Chris Harrison loves his superlatives, so how come he didn’t tout this week’s episode of The Bachelor as showcasing “the most boring hometown visits ever”? After all, ABC’s reality-dating stalwart has, in previous seasons, played host to crusty old grandmas, disapproving daddies, spacey moms, and “ethnic” families dancing — all with a lot more drama and humor. And that gave this season’s final-four episode a lethargically familiar vibe.
Not to say the hour was completely worthless — not with that opening shot of chiseled Brad taking a shower. Plus, constantly grinning Jenni showed some hidden depth, telling The Bachelor she wants a man who’s willing to compromise and allow room for her career before she settles down. Granted, based on the “dance” moves Jenni showed off at her local Wichita theater, said career largely revolves around shaking her hind end for thousands of pro basketball fans. And while it’s entirely possible Jenni’s stance has less to do with self-respect than it does with her quest to become the most famous Phoenix Suns dancer ever, it was still nice to see a woman on this show not act like a shelter puppy, slobbering all over herself and her potential master in a “Pick me! Pick me!” display of desperation. Props must also be handed out to Jenni’s grandmother, for her saucy response to Brad’s comment about wanting a big family: “This little lady ain’t a walking baby factory.”
Still, as rough around the edges as Grandma Betty appeared, she had ten times the charm of Bettina’s stuffy dad. I can certainly understand the guy’s skepticism about his daughter (pictured) trying to find love on a tacky TV show, but if you’re going to invite her suitor (and a camera crew) into your home, then you’ve pretty much forfeited the moral high ground. And as Brad himself noted, “I might not have education, but I’m intelligent enough not to judge anybody.” Given Bettina’s not terribly enthusiastic defense of her suitor — “I don’t look that great on paper either.” — I’m surprised he kept her and sent Sheena packing, but I’m guessing his decision had something to do with the fact that the show’s producers anticipate an explosive Bettina meltdown in Cabo San Lucas, especially if she’s thinking, “He must really like me if he met my dad and still didn’t dump me!”

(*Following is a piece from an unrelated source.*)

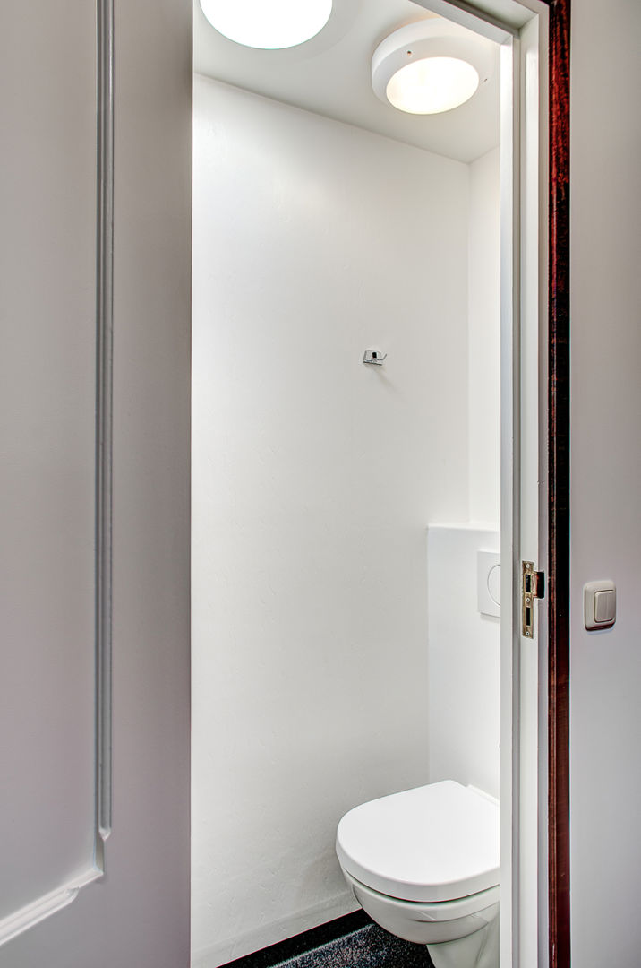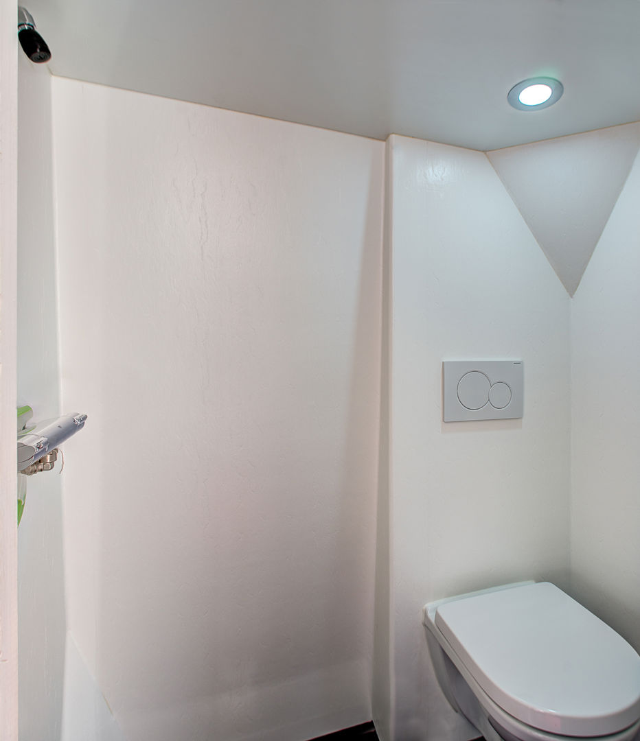 De 10 tweepersoons hutten beschikken alle over een eigen douche en toilet. De bedden bevinden zich naast elkaar met daartussen een kastje, zodat er ook genoeg opbergruimte in de hut aanwezig is. In 6 van de hutten kan een derde bed boven één van de bedden geplaatst worden. In vier hutten kan nog een derde en vierde bed boven de twee onderste bedden geplaatst worden.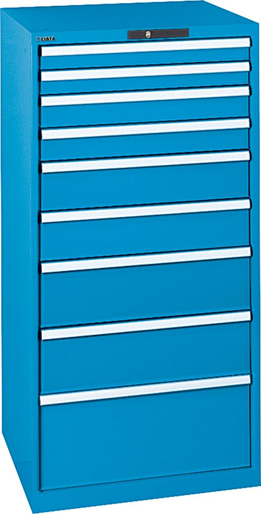 Schubladenschrank, Traglast/Schubl.: 75 kg, 9 Schubl.: 2x75, 2x100, 2x150, 2x200, 1x300 mm, Zylinderschloss, BxTxH 717x725x1450 mm, RAL 5012 E1615105

Oh, and back to Sheena for a second, it seems her total lack of chemistry with Brad plus her mom’s loopy behavior outweighed the fact that the Big Dipper is located directly above her family hottub. And while I don’t think Beverly was in any way making a play for Brad, if you closed her eyes and took her comments (“I couldn’t take my eyes off your eyes.”) out of context, you might’ve thought she was trying to recreate a very special moment from The Graduate. I loved Brad’s frozen reaction to her comment, “My daughter and I, we are ready to commit. Don’t you think?” before he blurted out, “About her? Yes.”
I’m guessing the final two will come down to Jenni and DeAnna; the latter scored an all-important pre-fantasy-suite kiss this week, and while I think there are some genuine feelings between the two, I wonder if DeAnna is too guarded (read: sane) to go all ga-ga if and when Brad drops to one knee in front of a salivating camera crew.